The traditional cornerstone for Internet monitoring is the venerable ping, a query-response tool that sends an ICMP “echo request” to a designated host, which returns an ICMP “echo response” [9]. Although ping is mainly for verifying connectivity to another host, it can be used in more general ways. Repeated pings can be useful for “black box” testing of the network (observing the delivery of packets but not the routers traversed by a packet). Packet delays and packet loss seen by pings are reflections of the general network performance.
Network management serves the complementary function of monitoring the status of individual nodes in the network, as shown in Figure 1. In the ubiquitous simple network management protocol (SNMP) paradigm, a centralized network manager can poll nodes for their status data defined by variables contained in the management information base (MIB) [3]. The network manager can also be notified of pre-defined events, if detected, through SNMP trap messages. Since SNMP was originally intended as a simple interim approach, it has limited capabilities for performance and traffic monitoring. For performance, the network manager can collect rudimentary local performance measurements from each router. Although routers are the ideal points for traffic measurement, they are generally not equipped for exhaustive traffic monitoring. The primary function of routers is regarded as packet forwarding, and management functions are considered to be secondary. The SNMP paradigm allows for collection of aggregate traffic statistics, such as the number of packets per interface over a time interval, but not sufficiently detailed measurements for accurate traffic characterization. Traffic analysts usually depend on special-purpose traffic measurement tools such as protocol analyzers.
Current limitations motivate a need to explore new methods and possibly network infrastructure changes, which is being addressed by several research projects such as the Cooperative Association for Internet Data Analysis (CAIDA) [4]. Generally, it might be useful to consider current and new methods according to various characteristics. First, methods can be passive, introducing no additional traffic into the network, or active. Traffic monitoring typically consists of passive observation of link packets, whereas performance measurements commonly involve the exchange of test traffic (pings). Performance measurements can also be passive, such as counting packets dropped at a router. For active methods, the amount of additional traffic and its effect on network behavior are always issues. Active methods are often intrusive, possibly affecting active services, whereas passive methods are nonintrusive.

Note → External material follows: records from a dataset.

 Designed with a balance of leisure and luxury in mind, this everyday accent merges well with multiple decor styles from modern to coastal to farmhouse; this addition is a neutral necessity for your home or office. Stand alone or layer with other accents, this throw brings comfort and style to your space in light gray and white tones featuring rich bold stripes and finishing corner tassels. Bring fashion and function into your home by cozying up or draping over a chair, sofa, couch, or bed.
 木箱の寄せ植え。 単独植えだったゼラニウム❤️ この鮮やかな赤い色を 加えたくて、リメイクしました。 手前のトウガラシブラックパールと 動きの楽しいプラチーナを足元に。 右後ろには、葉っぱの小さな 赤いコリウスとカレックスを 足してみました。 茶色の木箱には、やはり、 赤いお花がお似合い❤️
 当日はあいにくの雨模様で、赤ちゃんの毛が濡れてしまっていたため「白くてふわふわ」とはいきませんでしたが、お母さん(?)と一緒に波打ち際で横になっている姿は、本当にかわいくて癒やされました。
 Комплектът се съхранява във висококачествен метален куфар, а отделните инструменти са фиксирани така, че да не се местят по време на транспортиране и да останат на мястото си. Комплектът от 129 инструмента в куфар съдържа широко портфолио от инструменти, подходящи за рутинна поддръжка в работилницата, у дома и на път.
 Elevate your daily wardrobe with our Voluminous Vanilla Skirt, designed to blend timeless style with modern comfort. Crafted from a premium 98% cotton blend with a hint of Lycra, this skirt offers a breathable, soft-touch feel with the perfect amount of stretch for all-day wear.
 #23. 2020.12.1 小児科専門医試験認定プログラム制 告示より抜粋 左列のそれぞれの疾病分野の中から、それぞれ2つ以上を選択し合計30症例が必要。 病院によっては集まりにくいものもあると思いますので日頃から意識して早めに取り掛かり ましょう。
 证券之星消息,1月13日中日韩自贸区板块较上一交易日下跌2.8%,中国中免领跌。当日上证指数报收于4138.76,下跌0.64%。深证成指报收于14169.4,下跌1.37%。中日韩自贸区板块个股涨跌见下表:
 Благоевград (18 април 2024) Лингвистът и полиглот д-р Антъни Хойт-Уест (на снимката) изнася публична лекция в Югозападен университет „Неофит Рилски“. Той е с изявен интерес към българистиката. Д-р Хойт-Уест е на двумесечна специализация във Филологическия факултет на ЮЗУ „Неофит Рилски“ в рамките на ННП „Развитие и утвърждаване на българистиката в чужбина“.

Several additional characteristics may be interrelated:
- In-service methods are bound to a specific flow of data packets, while out-of-service methods are not;
- In-service methods can be further classified as in-band (additional fields in the packet header) or out-of-band (measurement packets are separate from data packets);
- Measurements may be performed continuously or on-demand;
- Measurements may be direct or indirect, for example, ping measures roundtrip delay directly but general packet loss must be inferred indirectly from the loss seen by repeated pings;
- Measurements may be one-way or bidirectional;
- One-point methods involve measurements at a single point, two-point methods require two reference points (packet delay), or N-point methods require multiple points (multicast).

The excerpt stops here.